● **Assignment**: Your reply should hold every record exactly as given, with no pictures in it.

● **Records provided**:
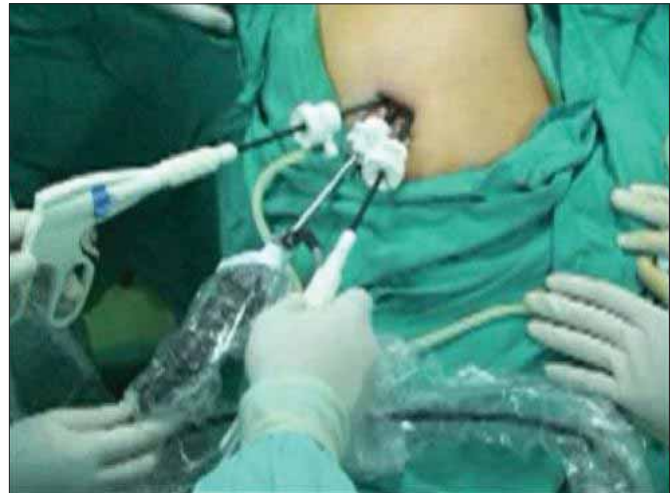
Figure 1. Transumbilical three 5 mm trocars

Although SILS practice is relatively new, it has already been applied in many surgical procedures by ambitious surgeons who always look for the best option. Many procedures such as
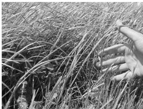
Fig-2: Summer Grassland Scene

watershed are severely abused, misused and overused due to improper grazing system, weak government policy and low level of public awareness on common resource like grassland management sustainably. Similarly, limited data from partial survey on grassland management and utilization show the grasslands have been rapidly degraded in the area. Very few technical assessment made in past by governmental and non-governmental organizations show that the regions' overgrazing trends had led large amount of soil erosion and more than 60 percent grasslands have been losing productivity. An example of summer grass seen has been given in fig-2
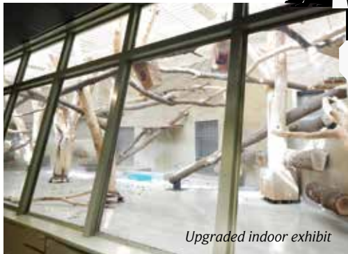
Upgraded indoor exhibit
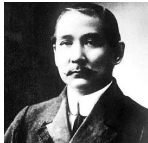
Dr. Sun Yat Sen, founder of the Chinese Republic
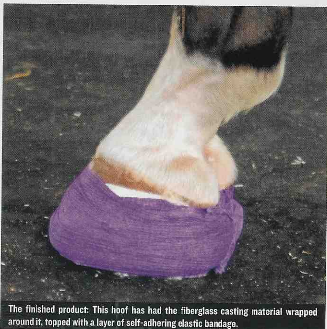
The finished product: This hoof has had the fiberglass casting material wrapped around it, topped with a layer of self-adhering elastic bandage.

coming through her soles and whose owner couldn't afford expensive treatments.
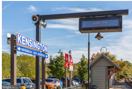
Kensington Marc Train Station
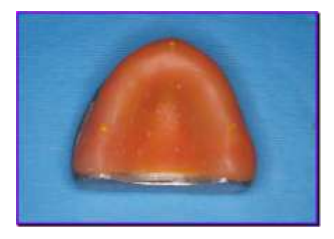
Figure 3. Weighed using an analytical balance with accuracy of 0.0001 \ensuremath{\mathsf{g}}

After the polymerization of the silicone material, the resulting silicon film trimmed at the borderline mark of the master cast and removed from the denture. Then it was weighed using an analytical balance with accuracy of 0.0001 g (MODEL ag 204, Mettler Toledo, Switzerland) (Fig 3). This procedure was done in dublicate for each specimen, and the average value was recorded to evaluate the internal adaptation of the each specimen.
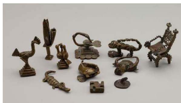
Figure 2: A sample of Akan Gold-weights, "Mmramuo", 1954. Image size: 2048 × 1477. Baltimore Museum of Art

Gold dust was then the currency used by the Akans until it was replaced with cowries, " sede3 " and later money in paper and coins in the nineteenth century. All weights can be divided into two broad categories which are: natural and not cast in metal like seeds, stones, bones which were used early on and those produced using the lost wax method whereby the molten metal poured into a mould created using a wax
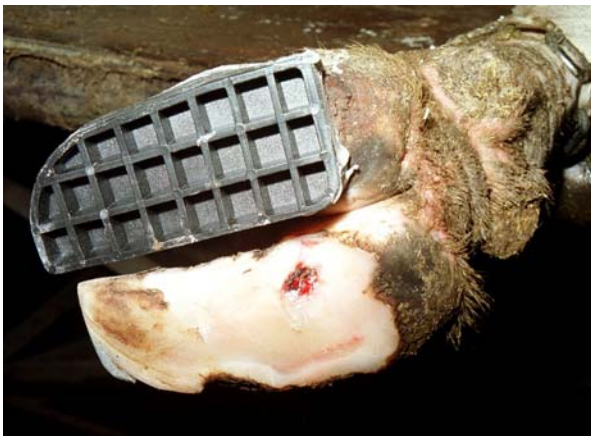
Cowslip applied to the healthy claw to relieve weight bearing on claw affected with sole ulcer.
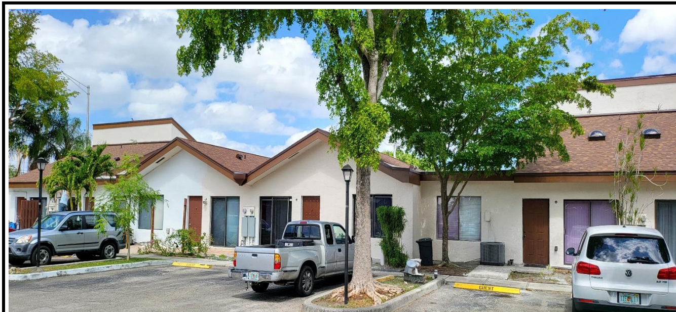
10 - Application of the new primer and paint at the exterior walls.
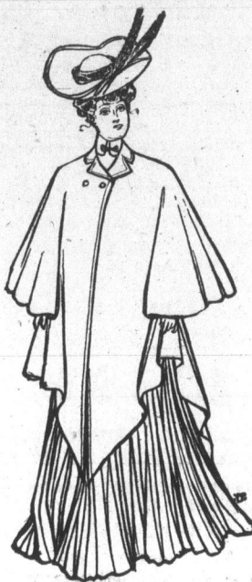
A USEFUL CLOAK.

The ordinary cloak can hardly lay claim to be considered a thing of beauty. It is a covering from dust and dirt or lends additional warmth and protection from drafts or rain, but is strictly utilitarian; also, as a rule, it is absolutely out of the question
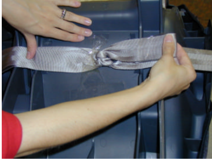
tie and tape to bottom of seat
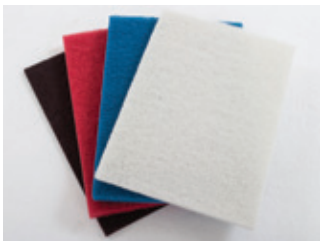
Various Scrub Pads
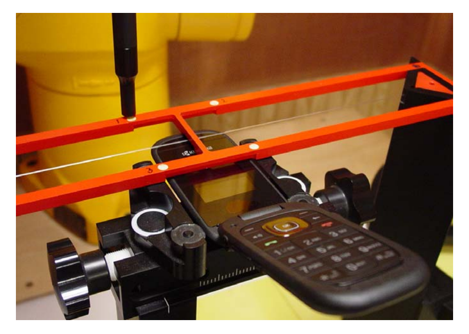
Figure 1a - HAC RF Emission Test Setup
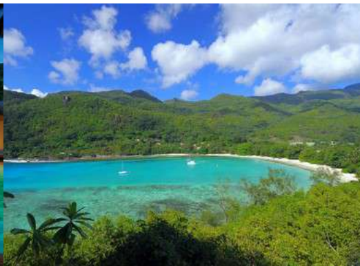
View of Port Launay Beach
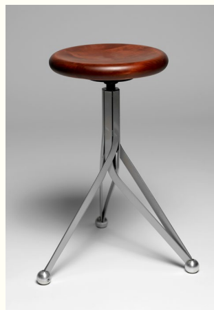
Ron Arad, Anonymous Stool, 1994. Donated by Zeus in 2009 Centre Pompidou, Paris Musée National d'Art Moderne-Centre de Création Industrielle
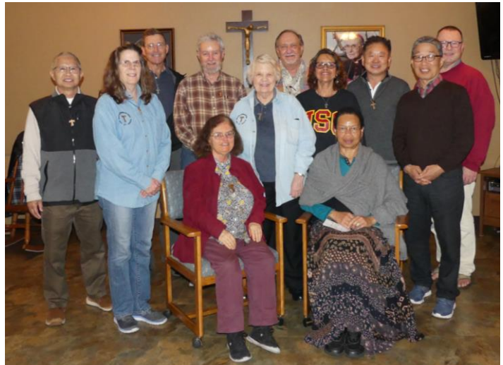
Regional Executive Council Retreat on March 2, 2019 at the Pro Sanctity Retreat Center in Fullerton
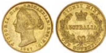
3636* Queen Victoria, second type, 1867. Good very fine. $850
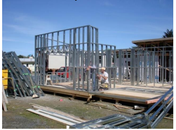
Pre-fab Steel Frame - House
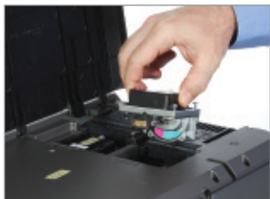
Top-accessed color wheels.
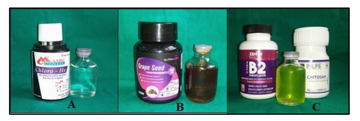
Figure 1. A. 2% Chlorhexidine, B. 6.5% Grape seed extract, C. 1% Riboflavin/Chitosan
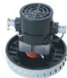
SINGLE STAGE MOTOR
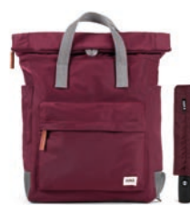
PLUM MEDIUM RECYCLED NYLON
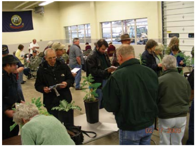
Weed identification training are an important activity organized by CWMA's.
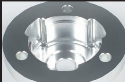
Takegawa centrifugal oil filter unit with pocket shape
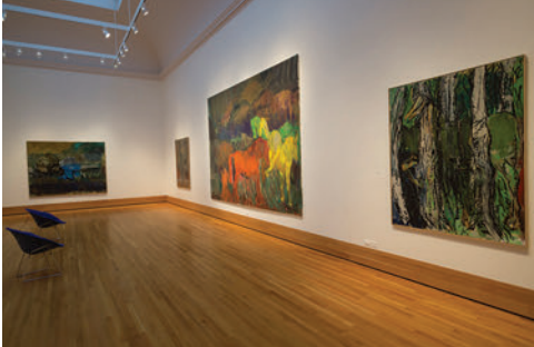
Per Kirkeby: Paintings and Sculpture

– Portland Press Herald , January 13, 2013
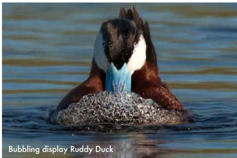
Bubbling display Ruddy Duck

● **The answer**:
Figure 1. Transumbilical three 5 mm trocars

Although SILS practice is relatively new, it has already been applied in many surgical procedures by ambitious surgeons who always look for the best option. Many procedures such as
Fig-2: Summer Grassland Scene

watershed are severely abused, misused and overused due to improper grazing system, weak government policy and low level of public awareness on common resource like grassland management sustainably. Similarly, limited data from partial survey on grassland management and utilization show the grasslands have been rapidly degraded in the area. Very few technical assessment made in past by governmental and non-governmental organizations show that the regions' overgrazing trends had led large amount of soil erosion and more than 60 percent grasslands have been losing productivity. An example of summer grass seen has been given in fig-2
Upgraded indoor exhibit
Dr. Sun Yat Sen, founder of the Chinese Republic
The finished product: This hoof has had the fiberglass casting material wrapped around it, topped with a layer of self-adhering elastic bandage.

coming through her soles and whose owner couldn't afford expensive treatments.
Kensington Marc Train Station
Figure 3. Weighed using an analytical balance with accuracy of 0.0001 \ensuremath{\mathsf{g}}

After the polymerization of the silicone material, the resulting silicon film trimmed at the borderline mark of the master cast and removed from the denture. Then it was weighed using an analytical balance with accuracy of 0.0001 g (MODEL ag 204, Mettler Toledo, Switzerland) (Fig 3). This procedure was done in dublicate for each specimen, and the average value was recorded to evaluate the internal adaptation of the each specimen.
Figure 2: A sample of Akan Gold-weights, "Mmramuo", 1954. Image size: 2048 × 1477. Baltimore Museum of Art

Gold dust was then the currency used by the Akans until it was replaced with cowries, " sede3 " and later money in paper and coins in the nineteenth century. All weights can be divided into two broad categories which are: natural and not cast in metal like seeds, stones, bones which were used early on and those produced using the lost wax method whereby the molten metal poured into a mould created using a wax
Cowslip applied to the healthy claw to relieve weight bearing on claw affected with sole ulcer.
10 - Application of the new primer and paint at the exterior walls.
A USEFUL CLOAK.

The ordinary cloak can hardly lay claim to be considered a thing of beauty. It is a covering from dust and dirt or lends additional warmth and protection from drafts or rain, but is strictly utilitarian; also, as a rule, it is absolutely out of the question
tie and tape to bottom of seat
Various Scrub Pads
Figure 1a - HAC RF Emission Test Setup
View of Port Launay Beach
Ron Arad, Anonymous Stool, 1994. Donated by Zeus in 2009 Centre Pompidou, Paris Musée National d'Art Moderne-Centre de Création Industrielle
Regional Executive Council Retreat on March 2, 2019 at the Pro Sanctity Retreat Center in Fullerton
3636* Queen Victoria, second type, 1867. Good very fine. $850
Pre-fab Steel Frame - House
Top-accessed color wheels.
Figure 1. A. 2% Chlorhexidine, B. 6.5% Grape seed extract, C. 1% Riboflavin/Chitosan
SINGLE STAGE MOTOR
PLUM MEDIUM RECYCLED NYLON
Weed identification training are an important activity organized by CWMA's.
Takegawa centrifugal oil filter unit with pocket shape
Per Kirkeby: Paintings and Sculpture

– Portland Press Herald , January 13, 2013
Bubbling display Ruddy Duck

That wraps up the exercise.